Taylor Swift is nothing if not self-aware. Several times throughout Miss Americana, the new Netflix documentary from director Lana Wilson (After Tiller), the singer expresses that she knows exactly what people think of her, how something she does or might do is perceived, and that she craves praise and wanting to be liked. She’s more than aware of how often female musicians have to reinvent themselves, especially in comparison to male musicians. And she knows that parts of her life aren’t normal at all, something she notes after passing the fans who waited just outside her home just to catch a glimpse of her.
DIRECTOR: Lana Wilson
’Miss Americana’ is a raw and in-depth look into the world of one of the world’s most famous performers as she pushes herself further as a musician and someone whose voice has power.
Miss Americana is a deconstruction of the myth of Taylor Swift that’s been perpetuated by a multitude of factions over the more than a decade she’s spent in the spotlight, and for Swift fans, it’s a much-watch. Swift gave Wilson and her crew access to her process of making an album, so we’re given a front-row seat into everything from her songwriting sessions and piecing it all together. It’s also a personal view into just how the world’s perception has affected her and how she eventually pushed through to find herself to a much healthier place—and in a position to speak out politically.
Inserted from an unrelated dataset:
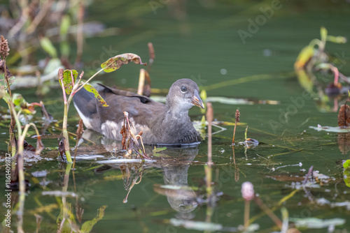 water, chick, baby, juvenile, duck pond, lake, closeup, britain, scotland, side, blurred background, copy space, britain, britain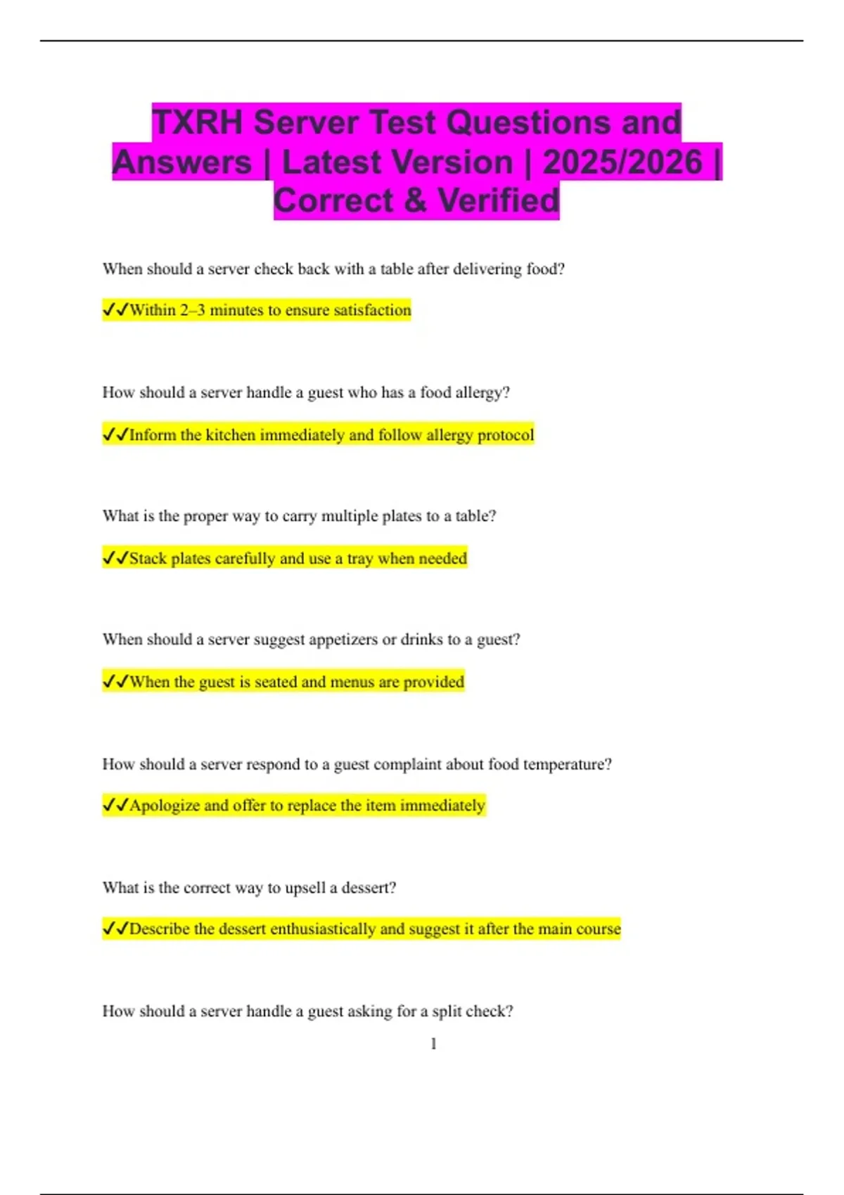 How should a server handle a guest asking for a split check?

Some of the cornerstones that made Swift who she is are more than familiar to those who’ve followed her career over the years. There’s Kanye West interrupting her VMAs acceptance speech in 2009, something that Swift acknowledged took her on many psychological paths, not all of which were beneficial. Subsequent fallout between the two emerged after Kim Kardashian released footage of a phone call between West and Swift over him name-checking her in “Famous,” and Swift breaks down when talking to her mother Andrea—a constant and supportive presence throughout Miss Americana—about how a hashtag about how much people hate her wears her down. When Reputation fails to get any major Grammy nominations, she immediately strives to make a better album, a showcase of the sheer drive she had to push herself farther and prove that she earned it.
Swift was someone who thrived on praise and who spent her entire life trying to be nice and kind because that was who she was supposed to be; she built her entire self-worth on it. Each of these things is devastating in their own way, and working her way past that is in and of itself a journey. “I had to deconstruct an entire belief system, toss it out, and reject it,” she says. At one point, Swift admits she used to stop eating after she would see photos of herself with a stomach or when the tabloids speculated that she was pregnant, but it’s something she no longer partakes in.
While Swift’s controversies always loom in the shadows, Miss Americana also allows Swift to revel in the smaller moments when she’s able to get them—and in the things that bring her joy. During a songwriting session, she reveals that she only had a burrito for the first time within the past couple of years. Archival footage documents Swift’s lifelong love of performing, and the songs used throughout the documentary showcase a wide mix of her discography, including a new song that plays during the credits (and is excellent).
But Miss Americana isn’t just a personal exploration. It’s one where Taylor Swift—who won a trial against the man who groped her and sued her after he was fired for it—explores how she can use her own privilege because she’s at a point in her life where she can no longer stay silent. Her foray into politics may have taken a long time, but a meeting between Swift and her representation (which included her parents) indicates how even something as simple as endorsing a candidate is a major step; in the country world, Swift explains, the Dixie Chicks are used as an example of why country stars should keep politics out of their music.
Miss Americana probably won’t change many minds of the people who have already made up their minds about Swift or downright hate her, but when artists’ images are planned and curated, a documentary like this is the kind of window into the life of a famous musician that we’re not often privy to seeing, even if we’ll never ever quite get the whole picture.